The data Block Start

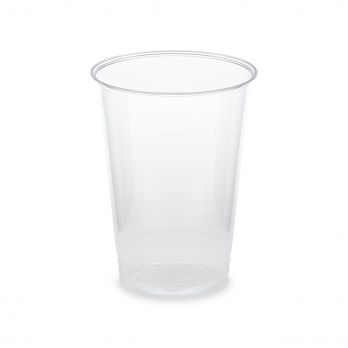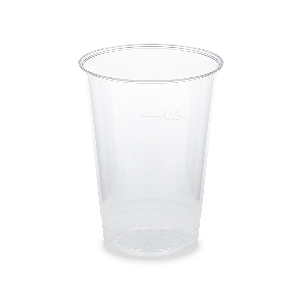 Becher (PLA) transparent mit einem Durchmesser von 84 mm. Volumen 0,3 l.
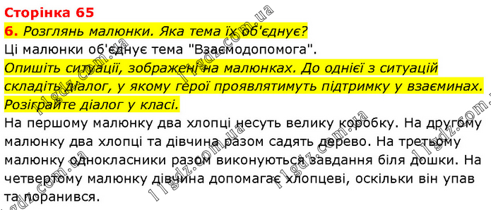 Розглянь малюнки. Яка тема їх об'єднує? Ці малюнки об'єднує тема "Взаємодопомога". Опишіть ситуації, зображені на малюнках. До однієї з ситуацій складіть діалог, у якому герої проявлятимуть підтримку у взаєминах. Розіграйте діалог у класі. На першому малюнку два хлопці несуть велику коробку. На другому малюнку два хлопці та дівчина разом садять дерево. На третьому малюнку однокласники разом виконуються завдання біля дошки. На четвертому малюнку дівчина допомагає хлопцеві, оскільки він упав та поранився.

The data Block End
The data Block Start

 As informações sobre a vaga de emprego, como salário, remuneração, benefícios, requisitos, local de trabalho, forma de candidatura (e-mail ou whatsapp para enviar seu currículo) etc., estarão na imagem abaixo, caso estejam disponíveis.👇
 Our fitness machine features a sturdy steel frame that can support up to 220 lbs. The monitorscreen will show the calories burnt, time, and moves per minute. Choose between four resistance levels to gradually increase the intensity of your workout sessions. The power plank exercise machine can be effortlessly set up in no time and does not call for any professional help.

The data Block End
The data Block Start

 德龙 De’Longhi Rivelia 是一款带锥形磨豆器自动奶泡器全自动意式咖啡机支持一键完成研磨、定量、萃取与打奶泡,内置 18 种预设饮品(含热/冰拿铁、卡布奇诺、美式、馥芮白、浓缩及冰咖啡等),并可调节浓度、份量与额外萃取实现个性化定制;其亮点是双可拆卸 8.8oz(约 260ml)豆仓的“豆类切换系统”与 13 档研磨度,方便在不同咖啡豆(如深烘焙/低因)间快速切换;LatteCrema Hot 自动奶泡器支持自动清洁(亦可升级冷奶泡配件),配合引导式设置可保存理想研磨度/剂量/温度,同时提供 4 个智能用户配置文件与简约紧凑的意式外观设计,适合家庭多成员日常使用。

The data Block End

Would you quote everything above from the line containing "As informações sobre" down to the line containing "Our fitness machine"? Include both of those lines and nothing else.

(Response to this exercise):
 As informações sobre a vaga de emprego, como salário, remuneração, benefícios, requisitos, local de trabalho, forma de candidatura (e-mail ou whatsapp para enviar seu currículo) etc., estarão na imagem abaixo, caso estejam disponíveis.👇
 Our fitness machine features a sturdy steel frame that can support up to 220 lbs. The monitorscreen will show the calories burnt, time, and moves per minute. Choose between four resistance levels to gradually increase the intensity of your workout sessions. The power plank exercise machine can be effortlessly set up in no time and does not call for any professional help.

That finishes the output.